- _Exercise details_
As an exercise, transcribe the data below in full and exactly, omitting pictures.

- _Given data_
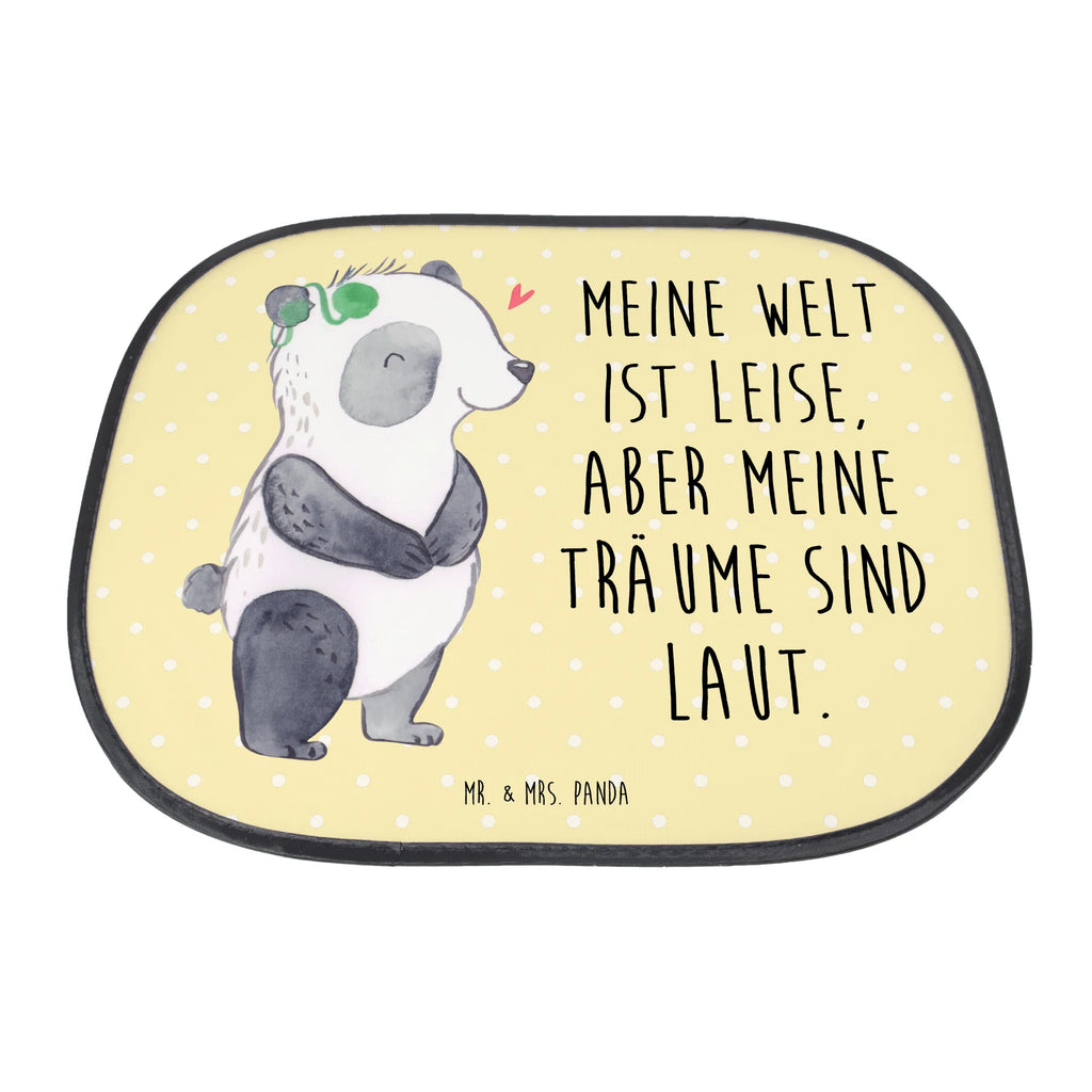 Unser Sonnenschutz Auto von Mr. & Mrs. Panda zeigt Poldi Panda mit Cochlea-Implantat auf einem warmen gelben Pastellhintergrund. Der Slogan „Meine Welt ist leise, aber meine Träume sind laut.“ macht den Sonnenschutz zu einem respektvollen Statement für Menschen mit Hörbehinderung und für Inklusion.
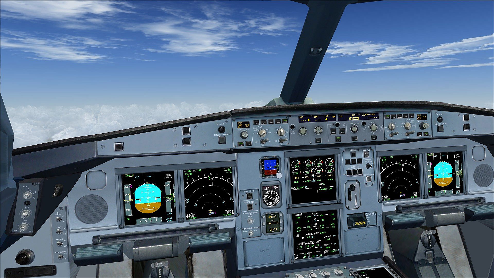 - All the Airbus EFIS are available: Primary Flight Display (PFD), Navigation Display (ND), Engine/Warning Display (E/WD), System Display (SD), with all the system pages available.
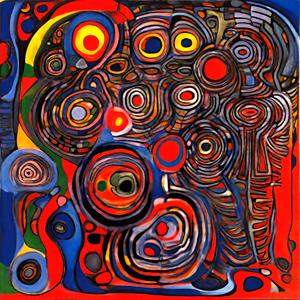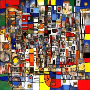 AI artwork Kanabstracd “Hundertwasser-esque … without Circles”

- _Solution_
 Unser Sonnenschutz Auto von Mr. & Mrs. Panda zeigt Poldi Panda mit Cochlea-Implantat auf einem warmen gelben Pastellhintergrund. Der Slogan „Meine Welt ist leise, aber meine Träume sind laut.“ macht den Sonnenschutz zu einem respektvollen Statement für Menschen mit Hörbehinderung und für Inklusion.
 - All the Airbus EFIS are available: Primary Flight Display (PFD), Navigation Display (ND), Engine/Warning Display (E/WD), System Display (SD), with all the system pages available.
 AI artwork Kanabstracd “Hundertwasser-esque … without Circles”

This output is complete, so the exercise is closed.